‘Herbert, he shan’t have a penny of your money!’ Mrs. Fairfield turned confidently to her husband for ratification of this threat. ‘Tell him so.’
‘We’ll see. We’ll see. I’m not dead yet,’ said the little man, with unwonted independence. ‘I hadn’t any pennies myself when I was his age.’
His wife turned upon him a terrible Et tu Brute look.
‘Never you mind,’ he retorted, with incredible courage. ‘There’s sense in what the lad says, even though he is a bit of a hard nut. Gets that from his father perhaps.’
‘His father!’ cried the mother in scorn. ‘They’re their mother’s children, both of them. Else they’d never dare to treat me like this.’
There was pride as well as anger in the glance she flashed at Edward as she gathered up her skirts and rustled out of the room.
PART THE THIRD
Sheila Fairfield
1
ALL roads led to Edward Fairfield. His atheism, his sister, Aunt Hester’s opposition, all conspired to fling Sheila into the polite dispassionate arms of that rational young graduate from Cambridge. Kay had offered romance without intellectual comradeship: Edward offered a kind of business partnership in the propagation of rational atheology, and this proved an irresistible bait for a spirited girl hustled by disaster into premature cynicism. Edward concerns us no further, save that he married her, respected her, and practised upon her the editorials that appeared week by week in his own paper The Iconoclast. Everything that he did was in perfect taste and supported by a perfect reason. When, for example, she declared their marriage a failure, he provided her with a pair of admirable rooms in his own well-appointed house, and lived thereafter in contented celibacy.

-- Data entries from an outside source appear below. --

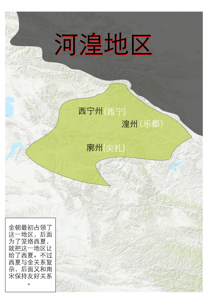 这一地区本来是由吐蕃唃厮啰政权占领的,徽宗时期夺取了这一地区。西夏趁北宋灭亡时占领了这一地区。西夏并没有夺得兰州,这倒是挺意外的,可能金朝觉得这里也很重要,就没有让给西夏。
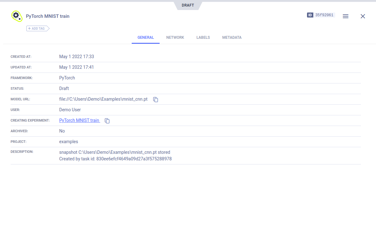 Models created by the experiment appear in the experiment's ARTIFACTS tab. ClearML automatically logs and tracks models and any snapshots created using PyTorch.
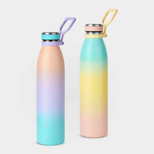 Doble pared. Cerrado al vacío. Pared interna y externa acero inoxidable. Terminado rugoso. Tapa de rosca con banda de silicón. Cuenta con asa de plástico plegable. Mantiene temperatura caliente 8 hrs y temperatura fría 12 hrs aproximadamente. Incluye caja individual.
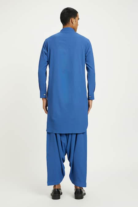 Blue Cotton Cerulean Pathani Kurta With Salwar
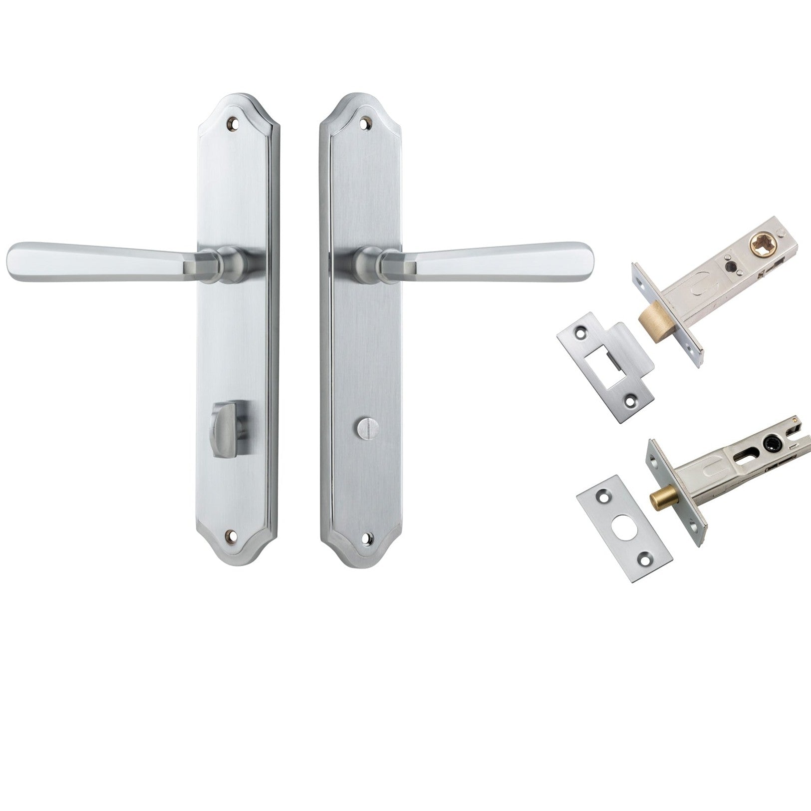 Included in Kit: Door Lever Copenhagen Shouldered Privacy Pair Brushed Chrome CTC85mm H250xW48xP61mm Inbuilt Privacy Kit, Tube Latch Split Cam 'T' Striker Brushed Chrome Backset 60mm, Privacy Bolt Round Bolt Brushed Chrome Backset 60mm
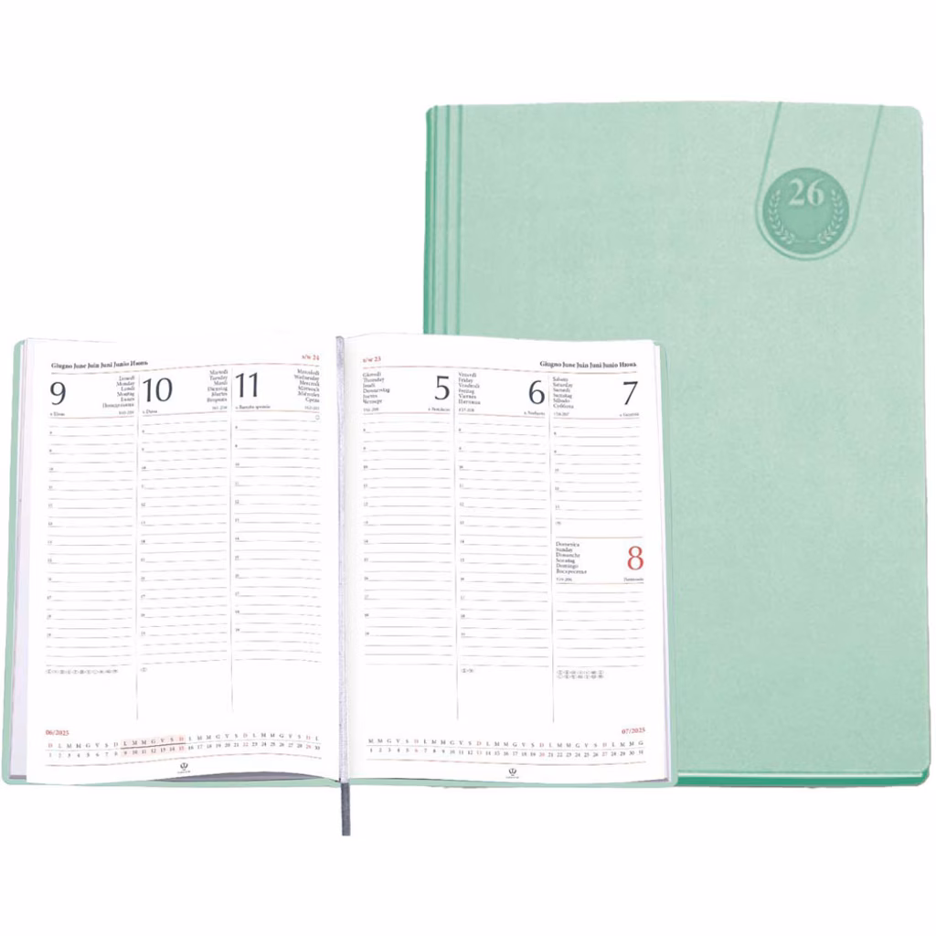 Agenda con copertina flessibile in materiale printflex termovirante - 128 pagine versione settimanale (una settimana su due pagine) stampate a 2 colori su carta usomano bianca da 80 g/m2 - segnapagine - 4 pagine cartina geografica - rubrica telefonica - edizione multilingue - formato chiuso cm 17x24
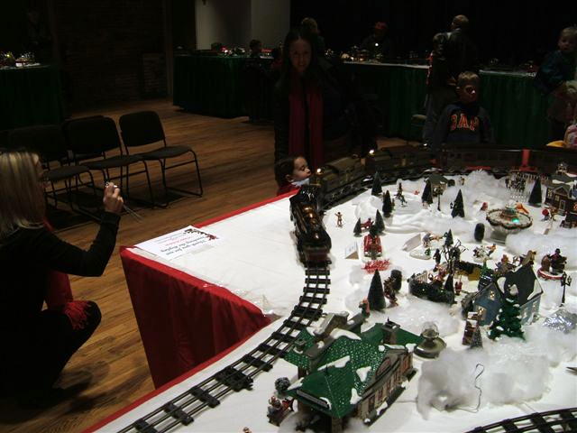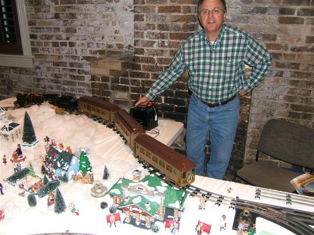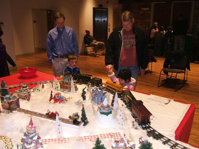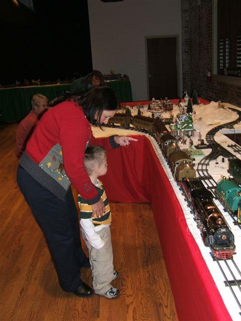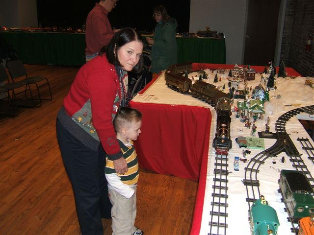 Happiness is a standard gauge layout and some kids! Engineers include: Allen Crotts, Dan Danielson and Bill Bushmeier. Note the presence of Stomper (green homemade locomotive.) She howled and howled as she circled the layout to the delight of the kids.

He was just to the point of inhumanity; but she, a disappointed woman, was not just. The efficient elegance of her home afflicted her. It seemed a mere piece of machinery for the daily manufacture of well-bred happiness. Her two rooms, until she had transformed them, seemed sleek, complacent: they announced to her, with the patient smile and in the incisive tones of a secularist lecturer, the supremacy of Reason. In herself, reason was far from supreme.
A woman with love must bestow it somewhere: Sheila poured it without stint upon her dream of Kay. Ten years divided them, and more, before that dream was finally destroyed. Sophie, his wife, gave birth to a child, and Sheila, impelled by who knows what medley of motives, visited her. They sat and talked about nothing in a room pervaded by yellow. A pale-brown flower perpetuated itself at intervals on the walls; a small occasional table set in the middle of a dark yellowish carpet was covered by a buff cloth; a gilt-framed oval mirror surmounted the mantelpiece. There were photographs on the mantelpiece of Sophie’s father, of Sophie’s child, of Sophie, and one of Kay standing stiffly with a book in his hand—a cruel photograph, courageously signed by the photographer. Sheila gave no second glance to it.